Pressure, Apprehension and Aspiration as Mumbai Residents Face Redevelopment

Across several weeks, threatening phone calls continued. Initially, allegedly from a former police officer and an ex-military commander, and then from law enforcement directly. In the end, a local artisan claims he was called to the local precinct and warned explicitly: stop speaking out or face serious consequences.

Shaikh is one of many fighting a expensive redevelopment plan where one of India's largest slums – a massive informal community with rich history – will be bulldozed and redeveloped by a corporate giant.

"The unique ecosystem of the slum is like nowhere else in the planet," says the resident. "But they want to dismantle our social fabric and stop us speaking out."

Opposing Environments

The cramped lanes of this community present a dramatic difference to the towering buildings and elite residences that overshadow the settlement. Dwellings are assembled randomly and frequently missing basic amenities, small-scale operations emit toxic smoke and the atmosphere is filled with the unpleasant stench of uncovered waste channels.

For certain residents, the prospect of Dharavi transformed into a developed area of luxury high-rises, organized recreational areas, shiny shopping centers and apartments with two toilets is a hopeful vision realized.

"We lack adequate medical facilities, paved pathways or drainage and there are no spaces for children to play," explains a chai seller, in his fifties, who relocated from southern India in the early eighties. "The sole solution is to clear the area and provide modern residences."

Community Resistance

But others, including this protester, are fighting against the plan.

None deny that the slum, long neglected as informal housing, is urgently needing financial support and improvement. But they worry that this initiative – lacking resident participation – is one that will turn a piece of prime Mumbai real estate into a luxury development, forcing out the disadvantaged, immigrant populations who have been there since generations ago.

This involved these marginalized, displaced people who developed the empty marshland into a widely studied marvel of community resilience and commercial output, whose output is worth between a significant amount and two million dollars per year, making it a major unregulated sectors.

Displacement Concerns

Out of about one million people living in the dense 220-hectare neighborhood, fewer than half will be able for new homes in the development, which is projected to take an extended timeframe to accomplish. Additional residents will be relocated to barren areas and saline fields on the distant periphery of the city, threatening to fragment a long-established social network. A portion will be denied residences at all.

Residents permitted to remain in Dharavi will be allocated units in multi-story structures, a substantial change from the evolved, communal way of dwelling and laboring that has sustained the community for generations.

Commercial activities from clothing production to pottery and waste processing are projected to decrease in quantity and be relocated to a designated "commercial zone" separated from residential areas.

Livelihood Crisis

For those such as the leather artisan, a craftsman and third generation of his family to call home the slum, the project presents a survival challenge.
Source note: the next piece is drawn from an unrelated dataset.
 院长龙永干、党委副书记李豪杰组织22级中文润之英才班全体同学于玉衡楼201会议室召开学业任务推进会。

His makeshift, three-storey operation creates leather coats – formal jackets, luxury coats, fashionable garments – marketed in high-end shops in south Mumbai and overseas.

Relatives dwells in the rooms below and his workers and sewers – laborers from north India – also sleep on-site, permitting him to sustain operations. Beyond the slum, housing costs are often 10 times costlier for a single room.
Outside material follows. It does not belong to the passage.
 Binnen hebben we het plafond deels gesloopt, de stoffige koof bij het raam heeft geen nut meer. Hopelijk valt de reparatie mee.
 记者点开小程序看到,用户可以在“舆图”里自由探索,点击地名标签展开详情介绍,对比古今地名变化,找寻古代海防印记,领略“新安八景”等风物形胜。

Harassment and Intimidation

At the government offices in the vicinity, an illustrated mock-up of the transformation initiative shows an alternative outlook. Well-groomed inhabitants move around on bicycles and electric vehicles, acquiring continental baked goods and breakfast items and having coffee on an outdoor area adjacent to a restaurant and Ice-Cream. This depicts a stark contrast from the affordable idli sambar breakfast and 5-rupee chai that maintains Dharavi's community.

"This represents no improvement for residents," states the protester. "This constitutes a massive real estate deal that will make it unaffordable for our community to continue."

There is also concern of the business conglomerate. Managed by an influential industrialist – one of India's most powerful and a close ally of the government head – the conglomerate has faced accusations of crony capitalism and financial impropriety, which it denies.

While local authorities calls it a collaborative effort, the corporation paid $950m for its controlling interest. Legal proceedings claiming that the initiative was questionably assigned to the business group is pending in the top court.

Continued Intimidation

From when they initiated to publicly resist the project, local opponents state they have been subjected to an extended period of pressure and threats – comprising messages, direct threats and suggestions that speaking against the development was tantamount to anti-national sentiment – by figures they claim represent the business conglomerate.

Among those alleged to have delivering warnings is {a retired police officer|a former law enforcement official|an ex-c

Lauren Williams
Lauren Williams

AI researcher with a focus on neural networks and ethical machine learning applications.